Justice, 9-11 styleThis fall, some incoming students at North Carolina’s community colleges are finding that the rules for getting educated just got more exclusive. Due to new federal requirements recently handed down by the U.S. Department of Justice after the Sept. 11 attacks, international students who do not have appropriate and valid student or work visas are being economically squeezed out of higher educational opportunities.
While the federal rules do not ban undocumented students from taking classes per se, the financial impact of these rules acts as an impenetrable barrier to undocumented workers and to rising and graduating undocumented seniors from area high schools. “We are not prohibited from enrolling undocumented aliens,” says Ron Miriello, vice president for student services at Central Carolina Community College, “but the college is prohibited from providing any local, state or federal benefit … [meaning] no financial assistance, which means they are not eligible for any scholarships or loans or subsidies, and they are also required to pay the out-of-state fee.”
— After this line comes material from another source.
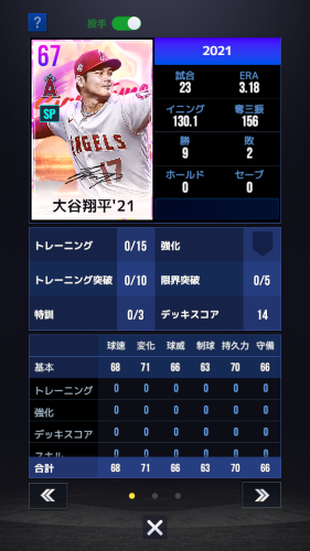 ちなみに、こちらの画像ではシグネチャーの大谷選手ですが、LIVEバージョンの大谷選手の方が初期能力値のほうが高く、総合的な評価は全レアリティの大谷選手の中でも一番だと思います。

For CCCC, with campuses in Pittsboro and Sanford, that means tuition for undocumented students has gone from under $600 per semester to over $3,000, effectively shutting out any opportunity that the community college once held for job training or English language proficiency classes.
Although the rules are only a few months old, they are already generating concern. “I have been inundated with many, many telephone calls from our three county service area … from people who were asking permission to let their employer pay their tuition … and I’m saying, ‘I’m sorry, you’re gonna have to pay $3,000.’”
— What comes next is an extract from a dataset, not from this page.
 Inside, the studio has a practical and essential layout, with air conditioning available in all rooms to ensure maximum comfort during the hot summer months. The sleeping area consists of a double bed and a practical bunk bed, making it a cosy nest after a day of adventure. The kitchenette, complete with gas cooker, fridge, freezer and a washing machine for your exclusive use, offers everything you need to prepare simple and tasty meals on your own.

The same impact is being felt across the state at dozens of community colleges. Nolo Martinez, director of the Governor’s Office on Hispanic and Latino Affairs, says it’s hard to know how many people are being affected, but his office has received “more than a few complaints,” mostly from undocumented workers who have lived here for five years or less. “It’s a very difficult thing to track,” he notes.
While hard numbers are unavailable, Miriello says that the federal restrictions are a “high topic of discussion” among his colleagues at other campuses. “My counterparts…throughout the 59 community colleges are very concerned on how are they going to be able to serve the people in their communities that want to attend their colleges,” he says.
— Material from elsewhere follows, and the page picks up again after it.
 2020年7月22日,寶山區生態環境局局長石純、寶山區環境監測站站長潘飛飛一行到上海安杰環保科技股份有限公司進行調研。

Miriello sees it as a tragedy for young people who, through no fault of their own, are branded as outsiders. Many undocumented college-age students came long ago with their families, went through years of public education, and aspire to the same educational and employment goals as their native classmates. While an undocumented student who has been here for years must pay out-of-state fees, “that same student’s friend who graduated with him at Lee Senior High School, and may have only moved to North Carolina two years ago … can walk across the street and attend the same full-time classes for $566,” Miriello laments. “That puts it completely out of reach for those people who are here as undocumented or ‘illegal’ aliens.”
Work-related tuition waivers, which helped undocumented workers take classes at their employers’ expense, have also been affected by the new restrictions. “We’ve had to implement a procedure that prohibits [undocumented workers] from taking part in this waiver program,” Miriello said. That means employers would have to pay the out-of-state tuition. As a result, few employers, if any, will send undocumented workers to community college for skills development or technical training.
It’s still possible for state governments to come to the aid of undocumented students. Although federal funds will remain off-limits, the General Assembly can provide financial aid, and it can waive the tightening of in-state tuition requirements. “The state legislature has been asked by many organizations and educators to look into this easing of restrictions,” says Miriello, as has been done already in two other states with large Latino populations. Both Texas and California have passed legislation waiving the out-of-state tuition requirements. “They waived [out-of-state tuition rules] to their undocumented aliens because there are so many in their states that are doing important jobs and living there … they want to be able to offer them college educations to better their lives,” Miriello says.
The new federal rules also require community colleges to keep tabs on international students for the INS. Starting in January 2003, community colleges will be required to track international students and report to the Immigration and Naturalization Service via an INS Web site, a requirement also stemming from last year’s terrorist attacks. “All we’re going to be doing is reporting information that we have knowledge of,” pertaining to categories or validity of student visas, Miriello says, but “we will probably be mandated to report” knowledge of illegal status.